Thus, between leaks and duplications, the performance measured on the test split is biased by at least 1.754%.
- MultiNERD :
• Leakage between training and test splits: 69 lines or 0.049%.
• Leaks between validation and test splits: 20 lines or 0.114%.
• Duplicated lines in the training split: 2,600 lines or 1.846%.
• Duplicated lines in the validation split: 58 lines or 0.329%.
• Duplicated lines in the test split: 58 lines or 0.328%.
Thus, between leaks and duplications, the performance measured on the test split is biased by at least 0.833%.
- Pii-masking-200k :
This dataset contains no data leaks or duplications.
- WikiNER :
• Leakage between training and test splits: 22 lines or 0.019%.
• Leakage between validation and test splits: 20 lines or 0.331%.
• Duplicated lines in the training split: 562 lines or 0.49%.
• Duplicated lines in the validation split: 17 lines or 0.282%.
• Duplicated lines in the test split: 17 lines or 0.127%.
Thus, between leaks and duplications, the performance measured on the test split is biased by at least 0.440%.
- Wikiann :
• Leakage between training and test splits: 742 lines or 3.710%.
• Leakage between validation split and test split: 473 lines or 4.730%.
• Duplicated lines in the training split: 1,889 lines or 9.445%.
• Duplicated lines in the validation split: 700 lines or 7,00%.
• Duplicated lines in the test split: 644 lines or 6.440%.
Thus, between leaks and duplications, the performance measured on the test split is biased by at least 18.590%.
We can see that over 80% of the datasets considered contained leaks or duplications.

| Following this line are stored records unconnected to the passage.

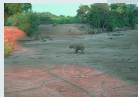
FIGURE 7 The regular drying up of the formerly perennial Ewaso Ng'iro River is affecting downstream populations, wildlife, and international tourism.

Researchers can make a significant contribution to such a multilevel strategy by providing findings to support continuous communication and learning processes. However, this requires that they also take part in learning processes and not overestimate the convincing power of stand-alone information. Researchers must thus take account of the fact that the key to solutions lies in continuous sociopolitical negotiations at different levels, in which research can play a crucial role in promoting greater awareness and more informed decision-making. This crucial role also implies that research will not just be limited to the initial stages of strategy development but must be incorporated by society and decision-makers on a continuous basis.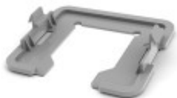
2" Combo Clip.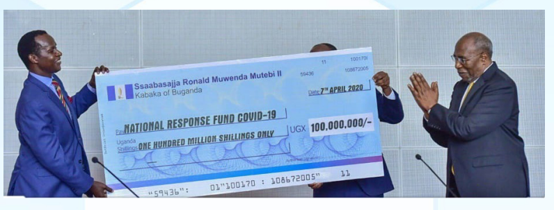
Rt. Hon Ruhakana Rugunda, Prime Minister of the Republic of Uganda receives a cheque of 100 million from Prince Wasajja being a donation from His Highness the Kabaka of Buganda to the National COVID_19 Taskforce.

PRESIDENT MUSEVENI ISSUES MORE STRINGENT DIRECTIVES IN HIS LATEST NATIONAL ADDRESS

The statistics concerning the number of leaks and duplications for the concatenation of the five NER datasets we selected for our experiments are as follows:
- 3-entity configuration (LOC, ORG and PER):
• Leakage between training and test splits: 1,071 lines or 0.371%.
• Leakage between validation split and test split: 613 lines or 1.799%.
• Duplicated lines in the training split: 1,839 lines or 0.638%.
• Duplicated lines in the validation split: 8 lines or 0.023%.
• Duplicated lines in the test split: 8 lines or 0.019%.
Thus, between leaks and duplications, the performance measured on the test split is biased by at least 4.015%.
- 4-entity configuration (LOC, ORG, PER and MISC):
• Leakage between training split and test split: 1,028 lines or 0.384%.
• Leaks between the validation split and the test split: 134 lines or 0.552%.
• Duplicated lines in the training split: 1,779 lines or 0.664%.
• Duplicated lines in the validation split: 1 lines or 0.004%.
• Duplicated lines in the test split: 1 lines or 0.003%.
Thus, between leaks and duplications, the performance measured on the test split is biased by at least 3.647%.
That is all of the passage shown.